**Dataset entries**
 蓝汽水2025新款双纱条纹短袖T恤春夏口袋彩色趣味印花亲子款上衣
==
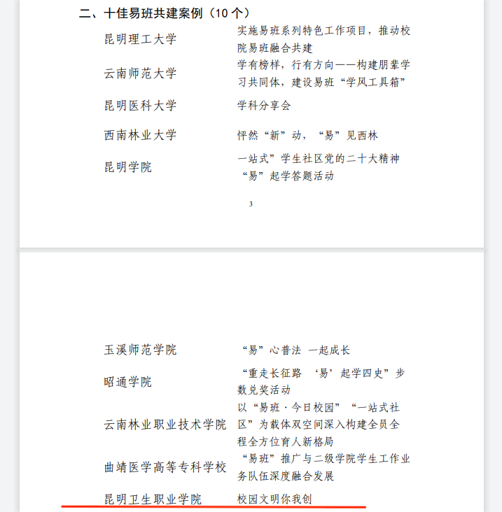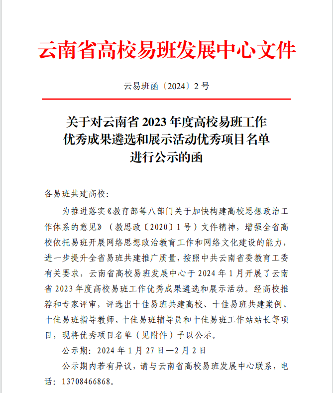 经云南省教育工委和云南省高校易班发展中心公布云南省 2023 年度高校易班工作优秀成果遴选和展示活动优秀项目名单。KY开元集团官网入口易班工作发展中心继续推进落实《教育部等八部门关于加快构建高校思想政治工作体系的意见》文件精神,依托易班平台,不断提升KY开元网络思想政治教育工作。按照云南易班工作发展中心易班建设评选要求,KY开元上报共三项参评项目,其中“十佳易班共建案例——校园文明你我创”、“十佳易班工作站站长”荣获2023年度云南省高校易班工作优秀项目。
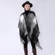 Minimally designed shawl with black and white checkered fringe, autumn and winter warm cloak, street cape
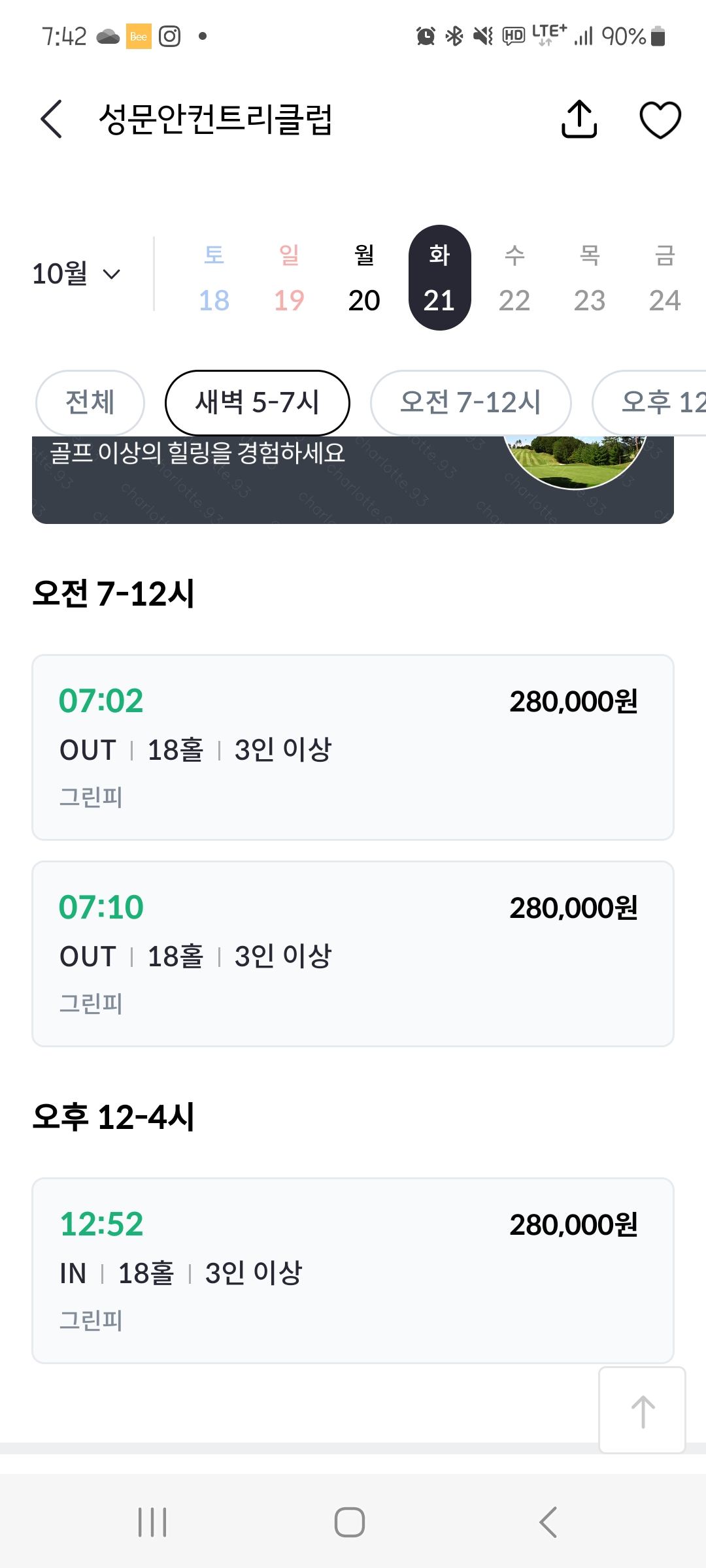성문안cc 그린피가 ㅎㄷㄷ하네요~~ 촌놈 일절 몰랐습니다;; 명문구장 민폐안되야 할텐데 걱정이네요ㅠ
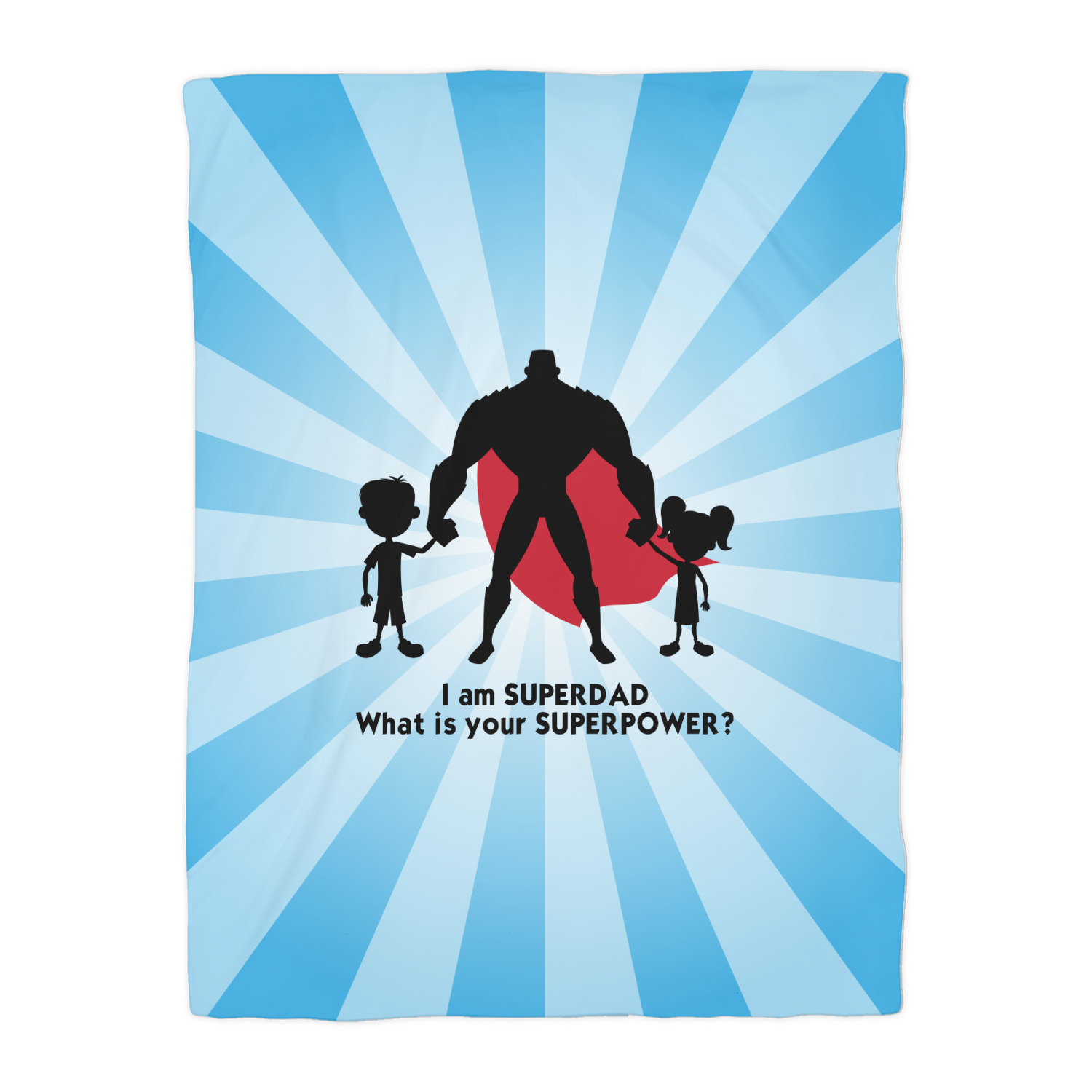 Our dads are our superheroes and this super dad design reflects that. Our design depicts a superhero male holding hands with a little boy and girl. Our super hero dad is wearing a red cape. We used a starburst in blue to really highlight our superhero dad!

**What you need to do**
In the entries above, every line from the line with "Minimally designed shawl" to the line with "Our dads are" is to be printed exactly, with both ends included and pictures excluded.

**Problem solution**
 Minimally designed shawl with black and white checkered fringe, autumn and winter warm cloak, street cape
성문안cc 그린피가 ㅎㄷㄷ하네요~~ 촌놈 일절 몰랐습니다;; 명문구장 민폐안되야 할텐데 걱정이네요ㅠ
 Our dads are our superheroes and this super dad design reflects that. Our design depicts a superhero male holding hands with a little boy and girl. Our super hero dad is wearing a red cape. We used a starburst in blue to really highlight our superhero dad!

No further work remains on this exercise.